想念的距離。

#Day 14 .
想念一个人,是温柔的疼,是流泪的幸福.
No matter how far we are . I still cant control myself not to miss u .
2 people
1 relationship
Infinite memories


In this moment , things are quite rough , there's a lot of tension , a lot of stress , expectations and many , many more things , but I can deal with it .The greatest thing is finding someone who knows all about u and ur mistakes, but still sees the best in you . YES . I found u .

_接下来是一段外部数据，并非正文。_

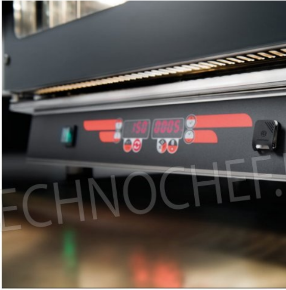
Pannello di controllo digitale
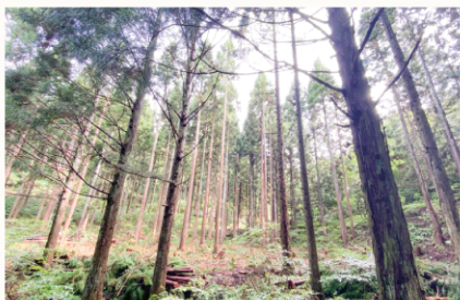
▲市内の人工林は利用期を迎え、継続的な林道整備をすることで搬出利用を推進します。

其實我並不好 並不完美 做不到最好 你最想要的. 很多缺點 . 不過我答應 我盡我的全力 給你 你最想要的 . I will do my part . U are mine . U have to remember . U are only mine .
Although we are not in the same place . far from me . but our hearts still together . 远距离也变成近距离.

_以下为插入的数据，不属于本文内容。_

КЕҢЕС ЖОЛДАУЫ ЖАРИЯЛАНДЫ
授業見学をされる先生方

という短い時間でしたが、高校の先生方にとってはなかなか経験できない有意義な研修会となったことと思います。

我們並不是十全十美 . 你有你的缺點 我一樣的 也有 . 失望 , 有時候做得不夠好才會失望 .可是我們包容 迁就 使我们又拉回距离. I dunno why . 我觉得我很幸运 一半也是天主的眷顾吧 !
很感恩 we are same religious. We always pray . 我相信祷告 帮助我们很多. 在我困苦的时候 祷告是最好的解药.Bears all things , believe that things , hope all things , endures all things . Love never fails .
愛是用心 不必說話。 我愛你這件事 有多少愛 只有你知道吧。